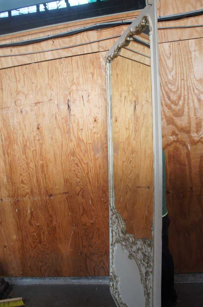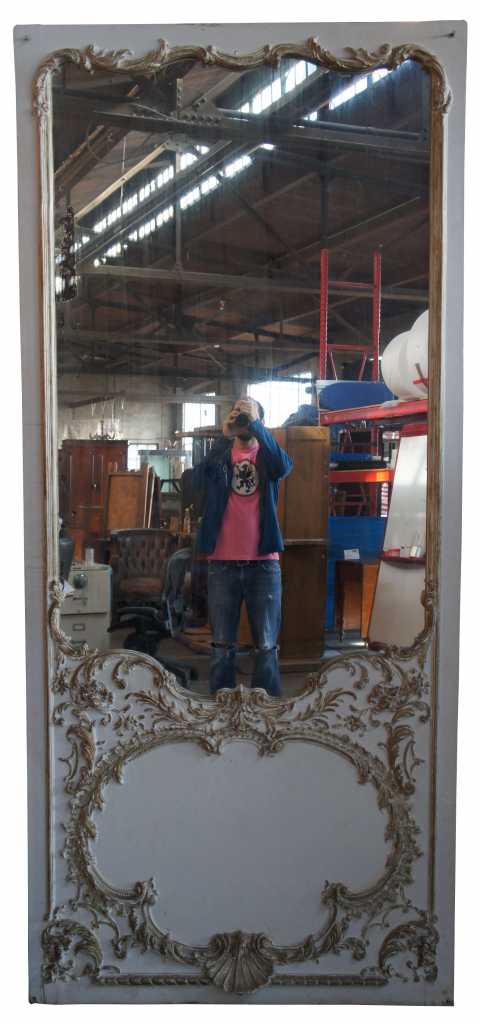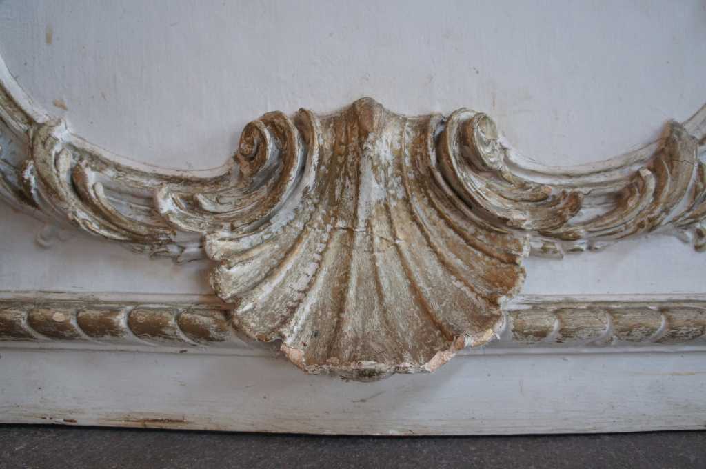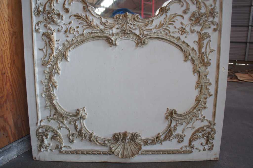 Beautiful white baroque revival wall panel or mirror. Features a shell and cartouche design. Original owner informed it came from a European palace and was used as a door.
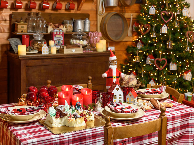 Para una decoración navideña alegre puedes usar las velas rojas, los farolillos con velas y las velas de candelabro con las que podrás despreocuparte y disfrutar de la cena.
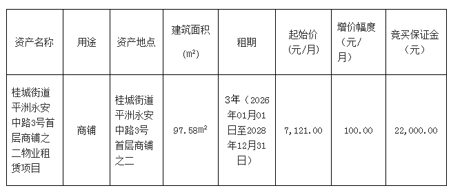 南海桂城街道平洲永安中路3号首层商铺之一物业租赁项目
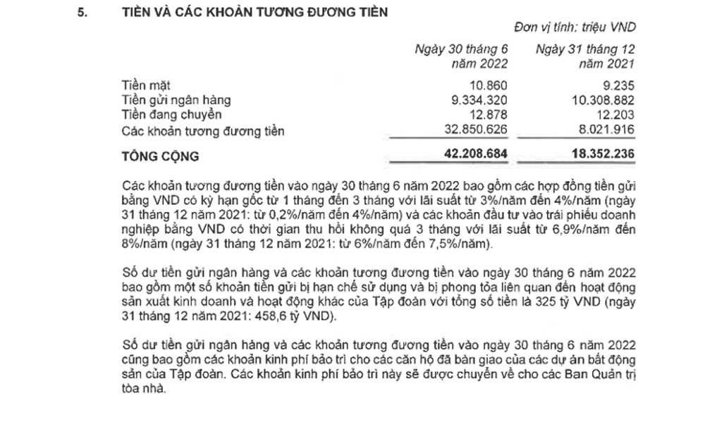 Trong đó, tiền mặt là 1.919 tỷ đồng, tiền gửi ngân hàng là hơn 3.500 tỷ đồng. Các khoản tương đương tiền là gần 26,3 nghìn tỷ đồng. Các khoản tương đương tiền vào ngày 30/6/2022, bao gồm các khoản đầu tư và các khoản tiền gửi bằng VND tại các ngân hàng thương mại có kỳ hạn từ 1 đến 3 tháng, hưởng lãi suất từ 3% đến 8%/năm.

» What to do:
Starting at the line that contains "Para una decoración", extract each line through the last line of the material exactly as written, and include no pictures.

» Task response:
 Para una decoración navideña alegre puedes usar las velas rojas, los farolillos con velas y las velas de candelabro con las que podrás despreocuparte y disfrutar de la cena.
 南海桂城街道平洲永安中路3号首层商铺之一物业租赁项目
 Trong đó, tiền mặt là 1.919 tỷ đồng, tiền gửi ngân hàng là hơn 3.500 tỷ đồng. Các khoản tương đương tiền là gần 26,3 nghìn tỷ đồng. Các khoản tương đương tiền vào ngày 30/6/2022, bao gồm các khoản đầu tư và các khoản tiền gửi bằng VND tại các ngân hàng thương mại có kỳ hạn từ 1 đến 3 tháng, hưởng lãi suất từ 3% đến 8%/năm.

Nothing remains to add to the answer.